Our data lake has served as the primary repository of data stored in its raw and processed formats at the foundation. It has enabled us to store and analyze the vast amounts of data that result from our users interacting with our projects. However, simply centralizing and storing our data in our data lake has not solved-for our critical data management challenges such as data findability, accessibility, interoperability, and re-use. Currently we try to meet these needs with dataset documentation on Wikitech and metadata descriptions in schemas and in Hive tables. This has become costly to maintain and ultimately insufficient for enabling the FAIR data principles as we scale our data practices.
Interest in the data collected by our systems has been growing dramatically in the past few years with the introduction of new features and an increasing focus on evidencing our decisions using data. This has increased the urgency for an enhanced set of data management tools to address these challenges. One such tool that we are investigating is a Data Catalog.
By successfully implementing and integrating a catalog solution as part of our data management strategy, we would bring our data ecosystem more inline with the FAIR data principles which would enable more of the organization to be less reliant on our analytics teams.
WMF Functional Requirements
For a solution to be considered complete it would need to support us in achieving the following functional requirements, now or in the future. Solutions will be evaluated in how they do against these functionality requirements which will form the basis of our evaluation. To do this we plan to run a timeboxed MVP that will test a solution and establish how many of these requirements can be met.

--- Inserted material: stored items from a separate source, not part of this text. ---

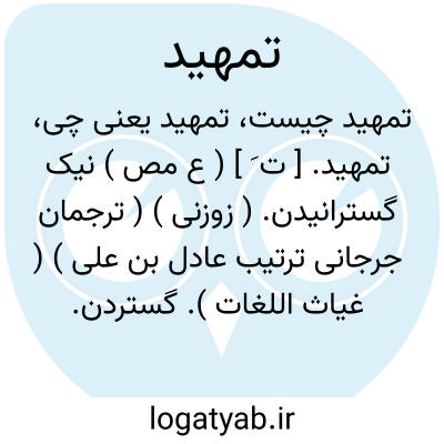 تمهید. [ ت َ ] ( ع مص ) نیک گسترانیدن. ( زوزنی ) ( ترجمان جرجانی ترتیب عادل بن علی ) ( غیاث اللغات ). گستردن. ( منتهی الارب ) ( دهار ) ( آنندراج ) ( ناظم الاطباء ) ( از اقرب الموارد ). || هموار و نیکو کردن کار را. ( منتهی الارب ) ( غیاث اللغات ) ( آنندراج ) ( ناظم الاطباء ). راست کردن: و ترفیه درویشان و تمهید اسباب معیشت... به عدل متعلق است. ( کلیله و دمنه ). و نیز شاید بود که کسی را برای فراغ اهل و فرزندان و تمهید اسباب معیشت ایشان به جمع مال حاجت افتد. ( کلیله و دمنه ). و کوشش اهل علم در ادراک سه مراد ستوده است: ساختن توشه آخرت و تمهید اسباب معیشت. ( کلیله و دمنه ). هر دو به تقریر این حال و تمهید این قاعده پیش ایلک خان رفتند. ( ترجمه تاریخ یمینی چ 1 تهران ص 184 ). در ضبط احوال و کفالت امور و سیاست جمهور و تمهید بساط معدلت و تقریر مصالح مملکت یدبیضا نمود. ( ترجمه تاریخ یمینی ایضاً ص 312 ). در ترتیب و تبجیل قدر و تمشیت کار و تمهید رونق او بهمه غایتی برسید. ( ترجمه تاریخ یمینی ایضاً ص 438 ). || عذر نهادن. ( زوزنی ). عذر گسترانیدن. ( منتهی الارب ) ( آنندراج ) ( ناظم الاطباء ) ( از اقرب الموارد ).
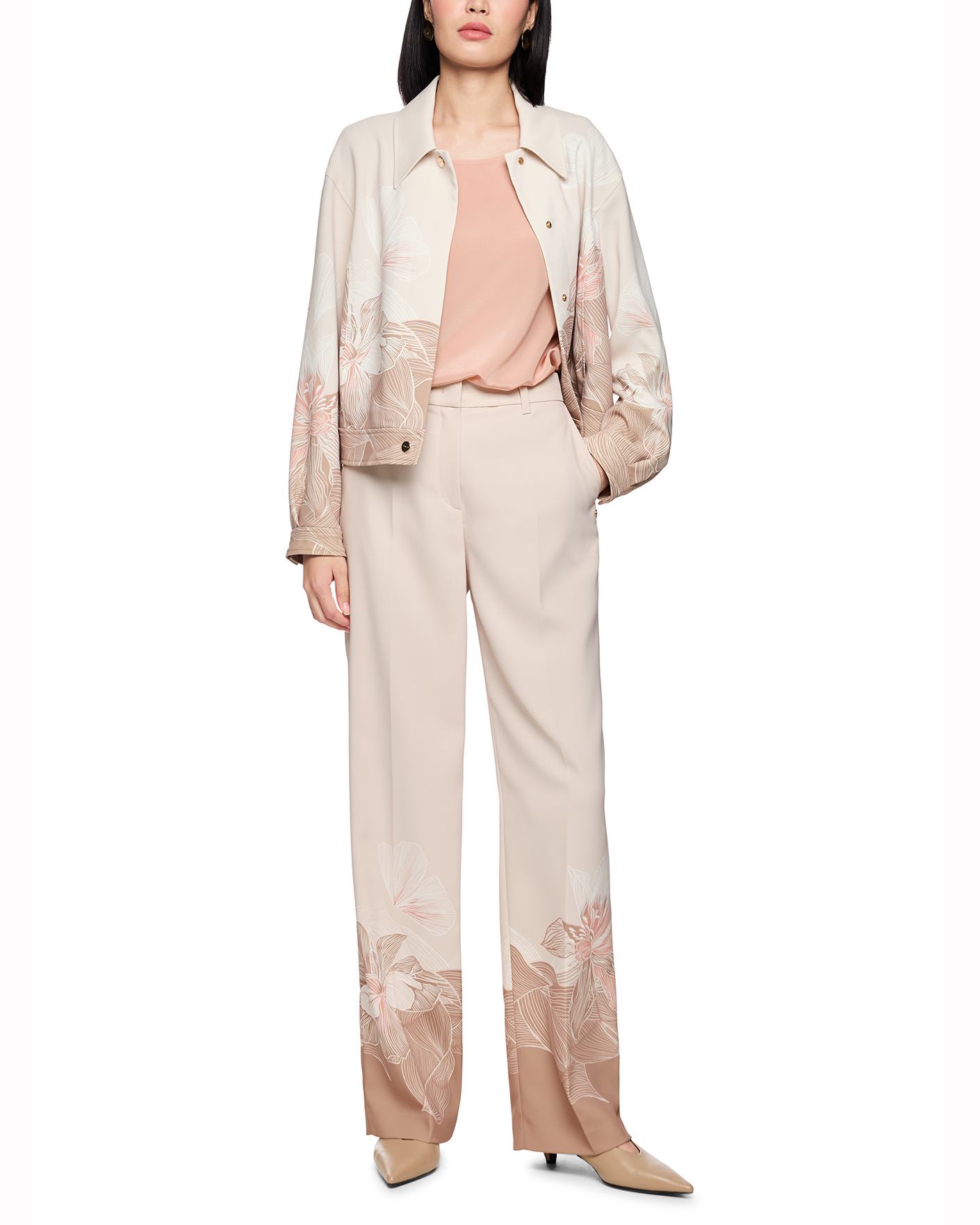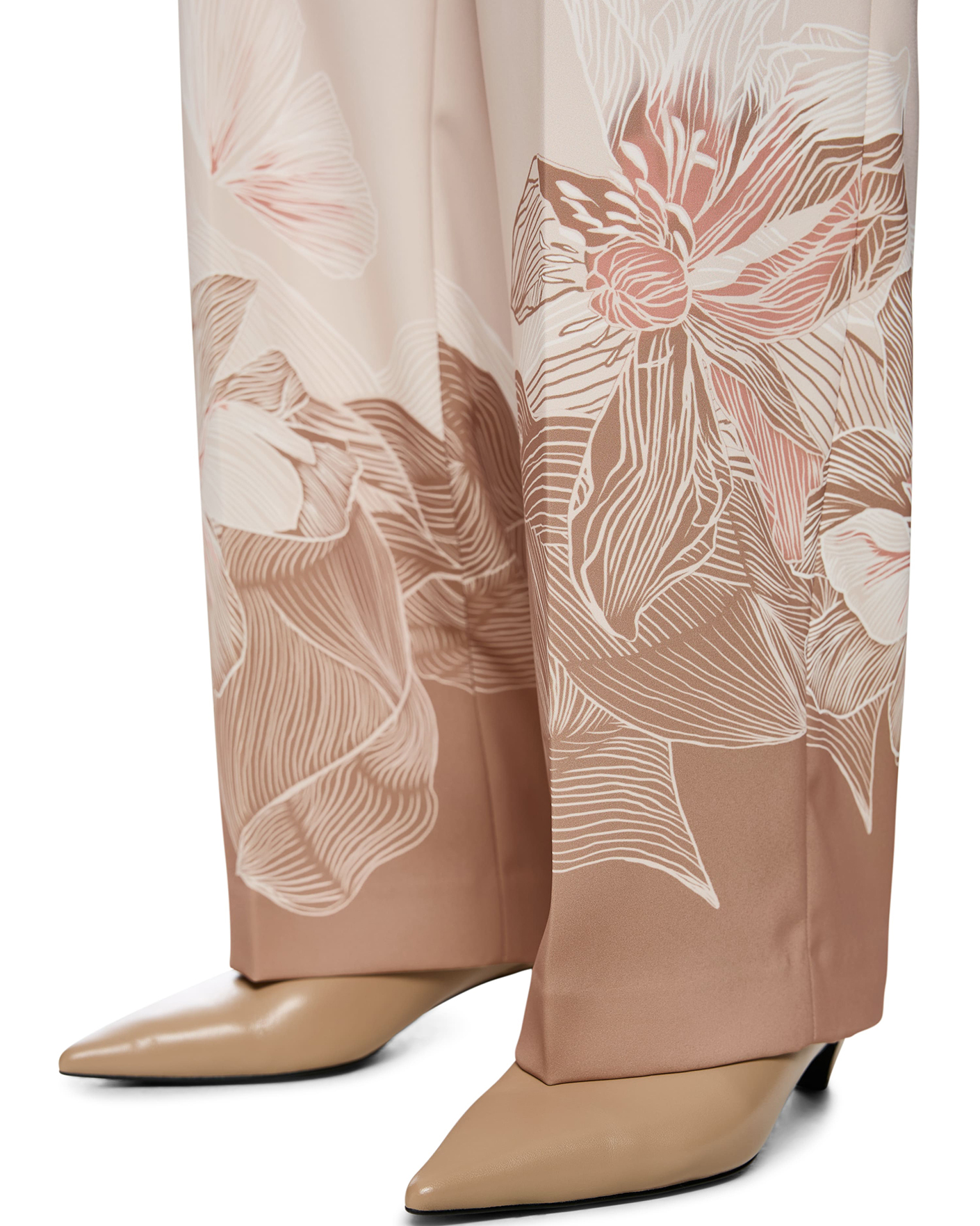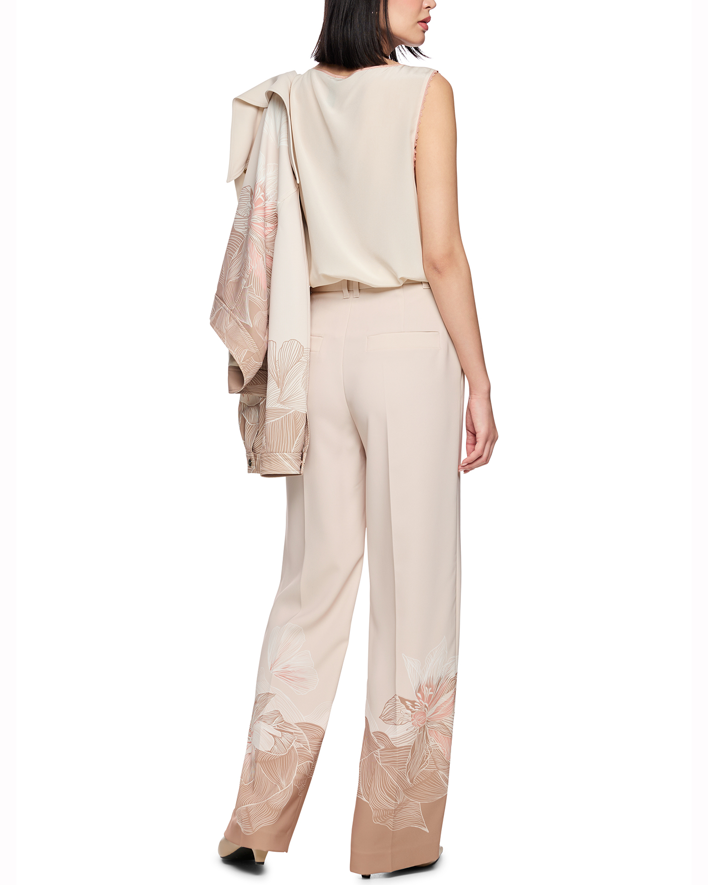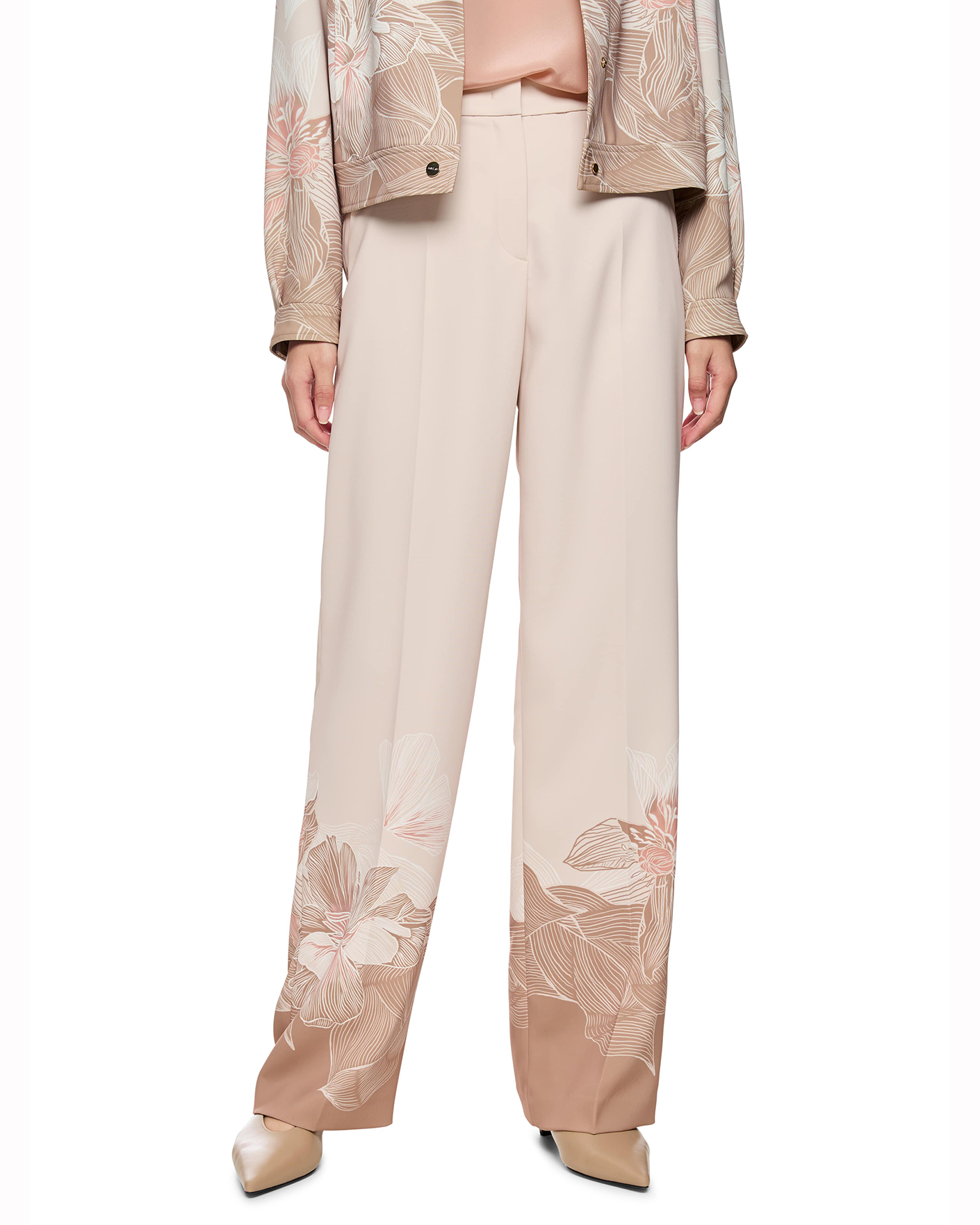 Брюки Marc Cain Collection бежевого цвета с принтом в виде цветов. Модель на скрытой застежке, со стрелками, имеются врезные карманы по бокам и сзади. Брюки можно сочетать с топом, рубашкой, жакетом, жилетом и кардиганом.
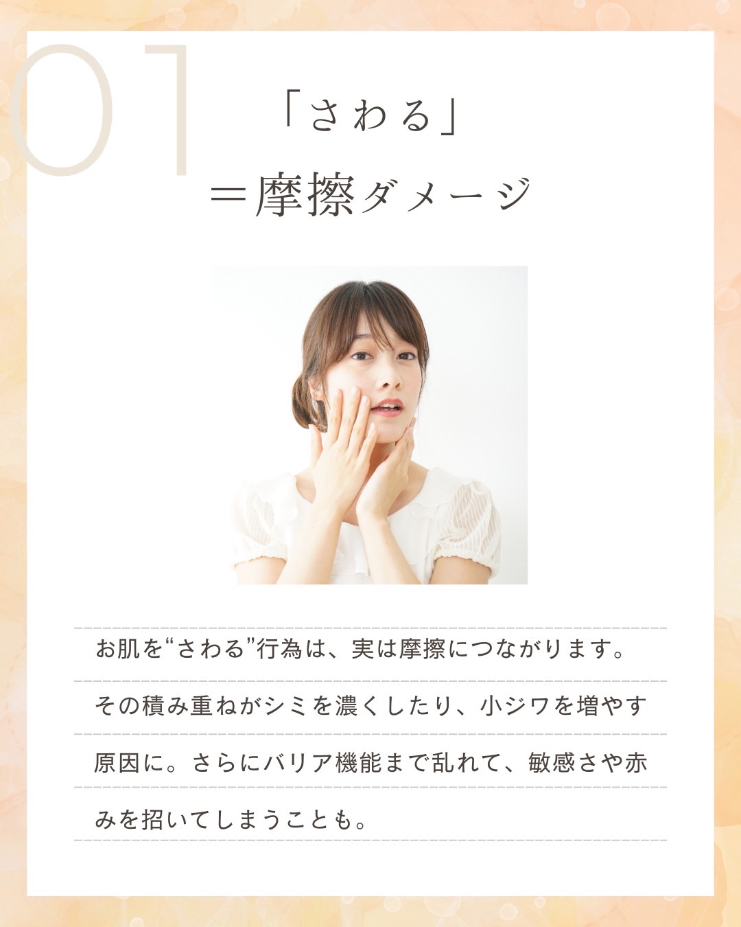 「さわる」「ふれる」は、ほんの言葉の違いに見えますが、お肌にとっては大きな差。
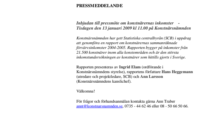 • Inbjudan till pressmöte om inkomstundersökning av konstnärer 2004-2005
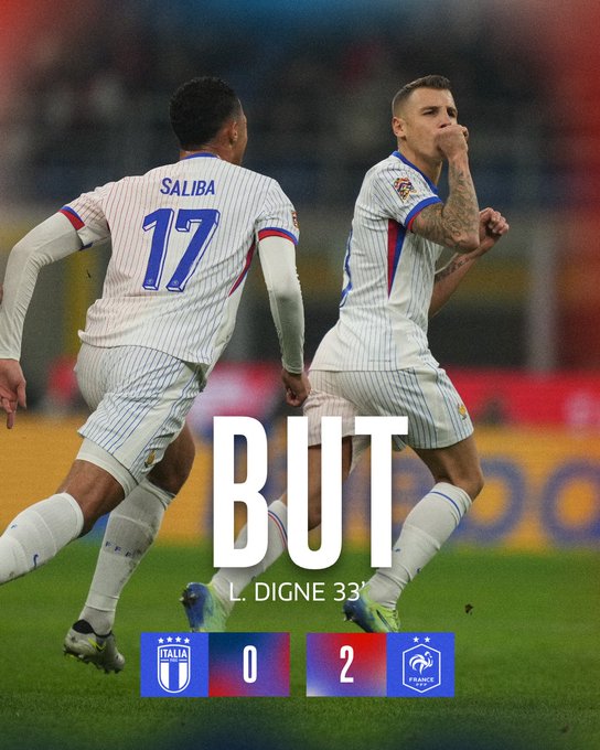 𝑹𝒆𝒏𝒅𝒆𝒛-𝒗𝒐𝒖𝒔 𝒆𝒏 𝒒𝒖𝒂𝒓𝒕𝒔 𝒅𝒆 𝒇𝒊𝒏𝒂𝒍𝒆 ! 🙌 Succès 3-1 face à l’Italie et nos Bleus terminent 𝐏𝐑𝐄𝐌𝐈𝐄𝐑𝐒 de leur groupe de Ligue des Nations 😄🔥 #ITAFRA | #FiersdetreBleus
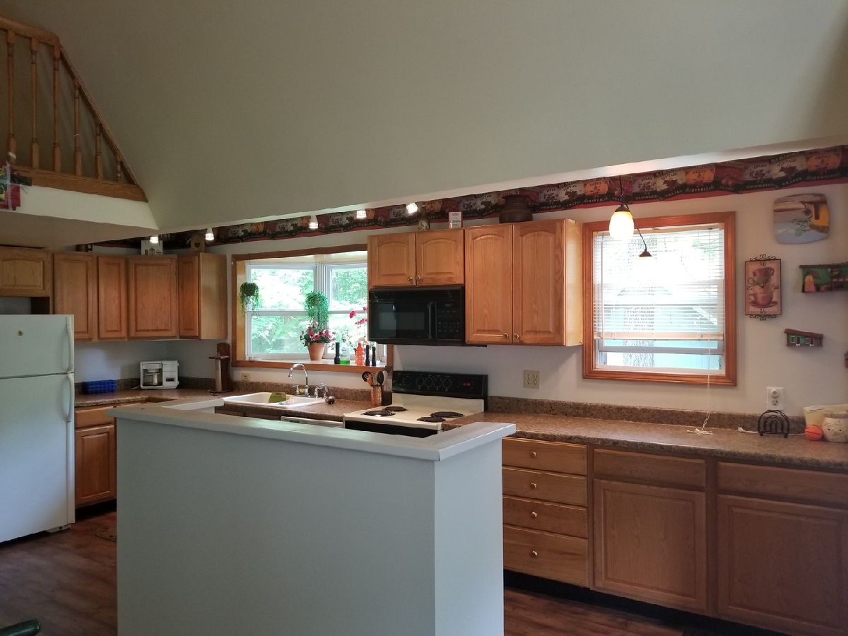 A wonderful customized home nestled in the woods with seasonal lake views. Three bedrooms, cozy loft, 2 baths, great room concept with newer kitchen, flooring, sliders to large front deck, smaller deck off master bedroom suite, wood burner in great room & 2 furnaces & 2 C/A for efficiency, newer vinyl tip out windows, vaulted ceilings, skylight, 20' x 13' enclosed porch, & oversized 2 car garage built in 2008. Appliances included. New roofs-Sept. 2017. Gorgeous Home!!!
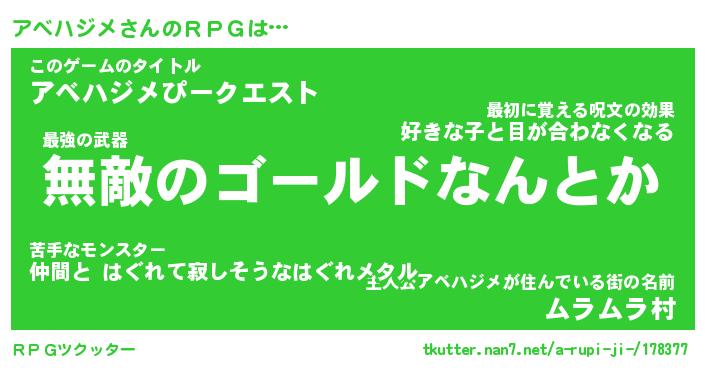 | 男性向けラノベタイトル風あだ名 | 『アベハジメアートオンライン』 |
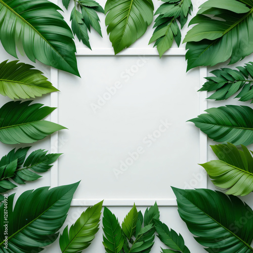 © Macholicious, Naklejka premium Green Leaves Framing White Square Natural Mockup for Product Display
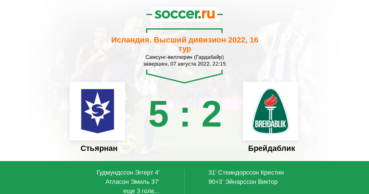 Стьярнан - Брейдаблик: обзор матча 7 августа 2022
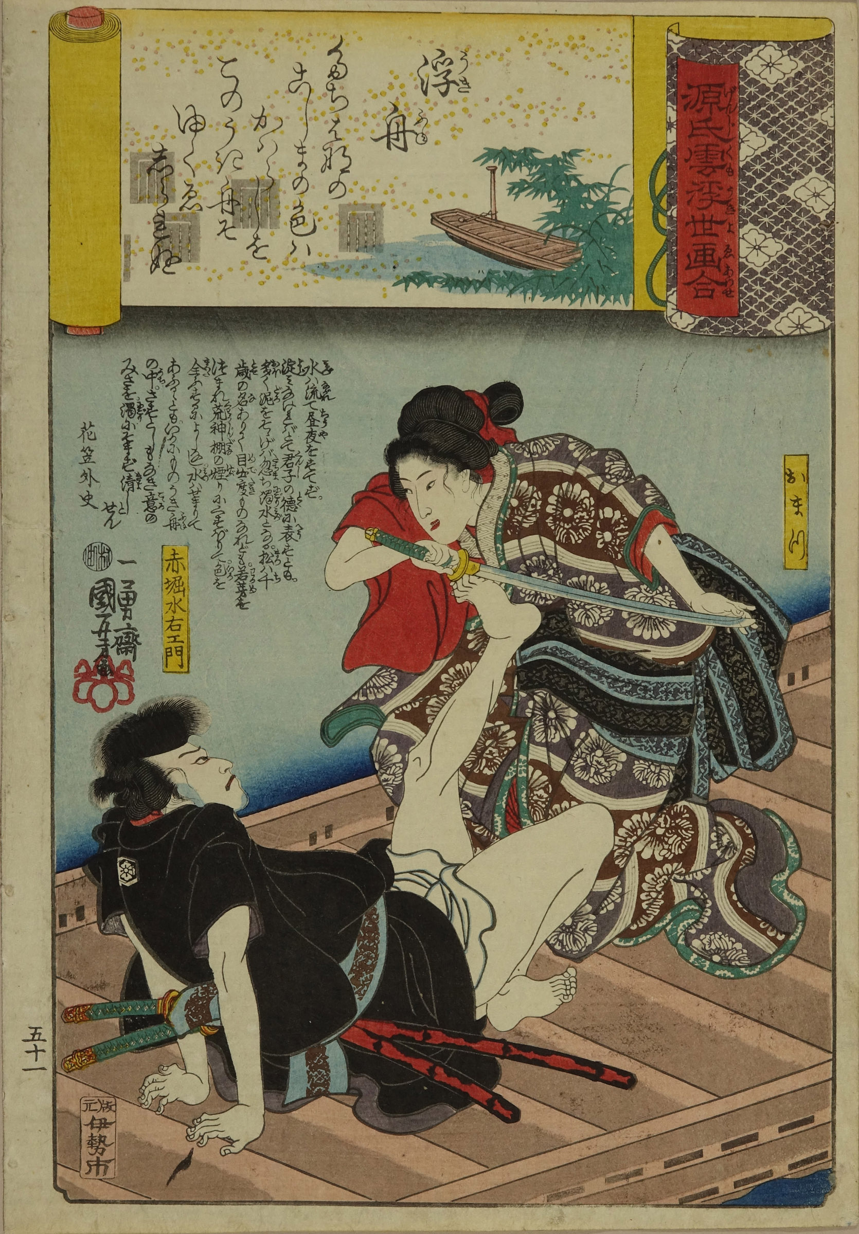 Chapter 51, Ukifune, from Genjigumo ukiyo-e awase (Collections of ukiyo-e and Genji cloud patterns)
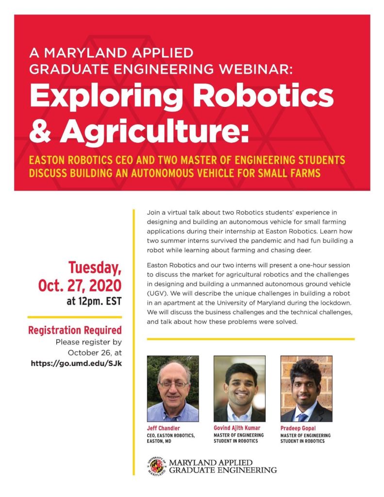 - Delivered a talk regarding the technical build and challenges faced by me, hosted by the Maryland Robotics Center at the University of Maryland.

|Functional||Key Functionality Requirements||Description|
|Ingestion||Integration with underlying data stores to import metadata through data connectors||The Data Catalog should be able to ingest structured or semi-structured metadata, and must support ingesting metadata from the entire organization.|
|Ability to connect to the catalog via API for integration with automated processes and applications||Data catalog should support automated discovery and ingestion of data sets, both for initial catalog build and ongoing discovery of new data sets.|
|Track data lineage||Ability to trace data from the original source, through analysis and reporting processes|
|Track data usage||Should support the ability to collect information about each data set including: Who has used the data set? For what use cases has it been used? How frequently is it used? With what other data sets is it typically used or combined?|
|Track metadata changes across dataset versions||Track the changes and provide a version history of any dataset included in the catalog.|
|Usability||Dataset Evaluation||Add annotations, create custom metadata fields, add search terms and tags, identify stewards and SMEs, tag security and compliance sensitive data fields.|
|Dataset Visibility||The ability to manually add, hide or remove datasets.|
|Capture User Feedback||Enable social capabilities such as Org-Sourcing of metadata, sharing features, posting of user ratings and reviews, and capture of user feedback.|
|Ability to search for datasets||Robust search capabilities include search by facets, keywords, and business terms. Natural language search capabilities are especially valuable for non-technical users. Ranking of search results by relevance and by frequency of use are particularly useful and beneficial features.|
|Interface Usability||Include capabilities to preview a dataset, view data profiles, see user ratings, read user reviews and curator annotations, and view data quality information.|
|Security||Dataset access management||Data access should be imposed at dataset level, record/row level, column/field level, and by value.|
|Fine grained ACL (access control lists) for catalog metadata access including data masking||User security should at minimum distinguish between administrative users, and analytic users and data stewards - all of which should have their own security profile|
|Ability to provide public access to discover all datasets||Public datasets are useful to our technical community members who build critical infrastructure. Public datasets are also useful to the broader research network outside WMF, and a critical part of the free knowledge ecosystem. Public information about private datasets is useful in delineating what projects can happen without formal WMF collaboration.|
Scope: Deploy a data catalog solution cataloging Hive datasets and Kafka datasets streamed through the Event Platform
[Primary] Searching and filtering options to allow users to quickly find relevant sets of data for analytics or data engineering requirements.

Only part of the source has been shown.